The proverb that the enemy of my enemy is my friend appears to be at the heart of the deal brokered by the Trump administration that normalizes relations between Israel and the United Arab Emirates. Both have a mutual enemy in Iran, so both parties have decided it’s in their best interests to be friends. This is the first time Israel has normalized relations with a Gulf Arab state, and it has agreed to suspend the annexation of West Bank territory that could serve as a homeland for Palestinians living in the region. There’s still a long road to travel to bring peace and stability to the region, but any step in that direction is welcome.

The rich history of Southwestern Pennsylvania has long been one of its calling cards, and that fact has been reaffirmed in a decision that adds the city of Washington’s central business district to the National Register of Historic Places. The Washington Business District Authority will receive a $12,000 state grant to develop preservation guidelines for the business district. At the same time, the W.A. Young & Sons Foundry and Machine Shop in the Greene County community of Rices Landing has received a $73,000 grant for the State Historical and Museum Commission to preserve its windows and wooden siding, and the Meadowcroft Rockshelter and Historic Village near Avella is getting a $75,000 Keystone Historic Preservation grant to repair some of the stairs leading to the rockshelter. Grants like these will help protect these sites for future generations.

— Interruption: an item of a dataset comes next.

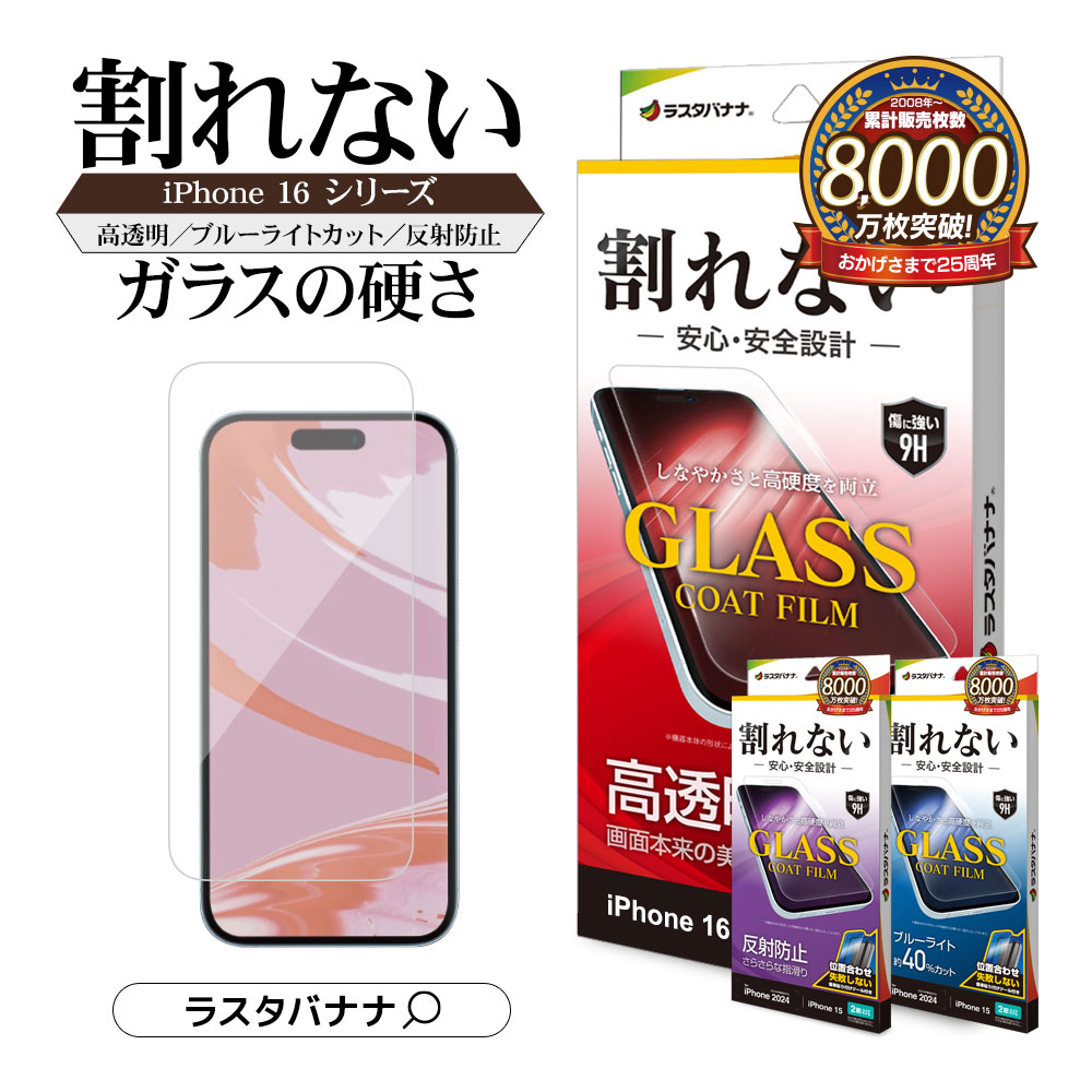 iPhone16 16 Pro iPhone15 フィルム 平面保護 ガラスコート 高光沢 高透明 アンチグレア 反射防止 ブルーライトカット 硬度9H 簡単貼り付け 割れない アイフォン16 保護フィルム ラスタバナナ

Older adults can be vulnerable to financial exploitation, and a report released this week by the Pennsylvania Department of Aging outlined just how devastating it can be. It found that seniors who end up being hoodwinked end up losing, on average, $40,000, and sometimes have to receive benefits like Medicaid as a result of these crimes. Even more disturbing is the fact that the perpetrators are most often family or friends, not shadowy figures who call on the phone. The Wolf administration is hoping that state laws are updated that would help extend protections for seniors, so that fewer of them become victims of financial exploitation. The Pennsylvania Senate has already approved a measure that would accomplish these goals, but a similar bill is languishing in the House. Our representatives need to get on the stick and approve this before the legislative session ends in December.